Empty Fridges As Lebanon Economic Crisis Bites
Lebanon's economic crisis has led to a collapse of the local currency and purchasing power, plunging whole segments of society into poverty as exemplified by near-empty fridges in many households.
Earlier this year, Lebanon defaulted on its debt and, while the peg to the dollar remains unchanged, the pound has since nosedived on the black market.
In a country so heavily reliant on imports, the blow is huge and thousands of businesses were doomed even before the coronavirus lockdown shuttered the economy.
Prices have soared almost as fast as the currency has plummeted, meaning that a salary of one million pounds is now worth around $200, instead of almost $700 last year.
The crisis is sounding the death knell of a middle class that is sliding into the half of the population the World bank now estimates lives under the poverty line.
A far cry from the country's erstwhile image as the "Switzerland of the Middle East" fabled for its nightlife and entrepreneurial genius, a class of destitute Lebanese is emerging across the country.

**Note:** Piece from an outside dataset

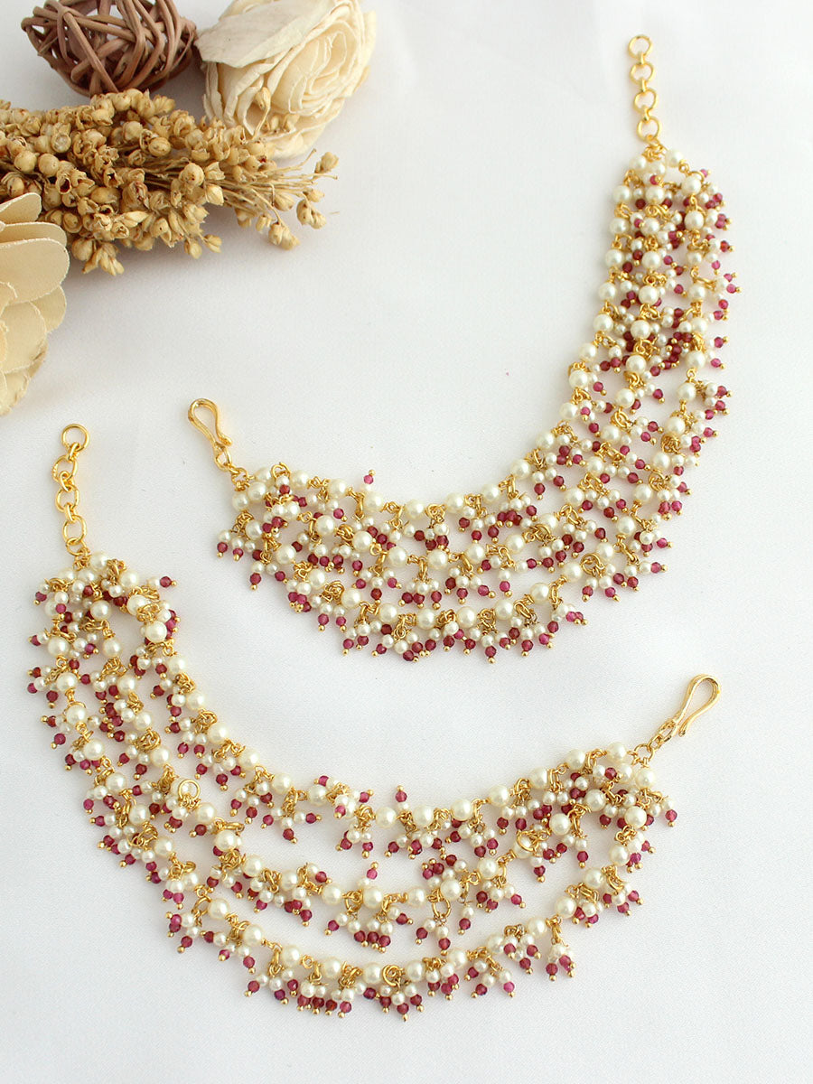 Introducing our 3-Layered Gold Tone Ear Chain / Kaan Chain. Add a graceful touch to your traditional look with this elegant 3-layered ear chain, beautifully crafted in a radiant gold tone. Studded with delicate faux pearls and beads, this kaan chain drapes gracefully along the ear, blending timeless charm with refined sophistication. Perfect for weddings, festive occasions, or cultural celebrations, it's the ideal accessory to elevate your ensemble with subtle elegance and style.

AFP photographers spent several days in June visiting people's homes in the main cities of Beirut, Tripoli, Byblos, Jounieh and Saida to ask them how they managed to put food on the table.
Those who accepted to be photographed posed in front of open refrigerators whose bare shelves often hinted at the leanest of diets.
Holding her fridge door open, Fadwa Merhebi explains she already downsized once because she could not afford enough food to fill it up.
Now it contains only a bottle of mineral water and two cucumbers.
"If there were smaller fridges on the market, I would sell this one and buy a smaller one," says the 60-year-old, who lives alone in a tiny flat in Tripoli.
"At least I could use the money to buy something to eat."